Too sick to work, she's struggling to keep the home she hoped to pass on to her daughter and granddaughter.

"It may not be much, but it's mine and it's theirs and it's all I have to give them," she said.

Because of her disease, Mickelberg says she qualified in February to receive $1,900 a month from the Social Security Administration, but she was told she has to wait until July at the earliest before she can collect her full disability payments

"I've been working since I was 14 years old. I'm 49. I've paid into Social Security for 35 years. I won't live to collect it," she said.

Her claim is being processed through a program called Compassionate Allowance. Those diagnosed with one of 225 illnesses are on special list that goes through a fast approval process. But they still have to wait at least six months before getting a check.

Renata Iwanicka's brother was 40 when he was diagnosed with stage four pancreatic cancer.

She says he struggled to care for his family while waiting nine months for his first Compassionate Allowance check.

He died the next week

"It felt like Social Security was waiting for him to die, hoping that he would never get a payment," Iwanicka said.

According to the Social Security Administration, last year 91 people approved for Compassionate Allowance benefits died before getting them.

"I don't understand the mandatory waiting period," Mickelberg said.

To fix this, federal legislation is being introduced to get rid of the waiting period.

"It just seems like a backward process, especially when you can get it verified by two independent doctors that you're fighting this illness," Illinois Rep. Rodney Davis said. "I think that the bureaucracy in Washington ought to work much faster

Mickelberg says she isn't sure she'll see the measure become law because the cancer has spread to her liver.

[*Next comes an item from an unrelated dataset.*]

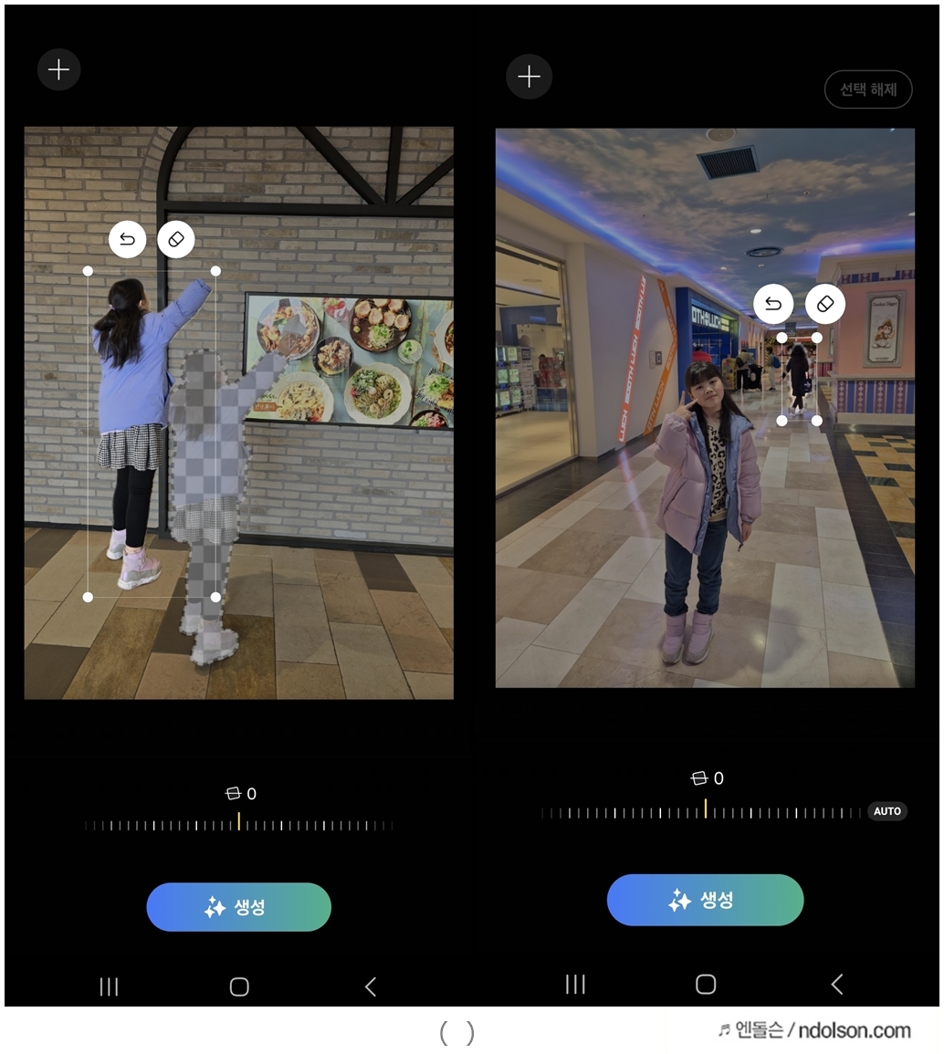 사진 갤러리앱이 완전히 달라졌습니다. 강력한 카메라와 결합된 AI 편집 기능으로 사진의 기울기 수정, 배경 교체, 인물 부분 편집 등을 자연스럽게 생성형 AI가 만들어서 처리해줍니다. 이걸로 딸아이 하늘에 나는 사진도 AI 편집으로 만들어봤는데요. 이런 거 재미있네요. 빈 공간도 알아서 AI가 뭘 만들어서 생성해 줍니다. 콘텐츠 생성자와 일반 사용자 모두에게 고급 편집 도구로 좋겠죠?

She's hoping Congress sees why it's needed.

"if it helps one person, this was the right thing to do. Even if it's not me," she said.

Last year, 68,000 people were approved for the Compassionate Allowance benefit, but had to wait at least six months for a disability check.

The legislation to get rid of the waiting period appears to have bipartisan support and is expected to be introduced later this year.

If passed, it could take effect as early as next year.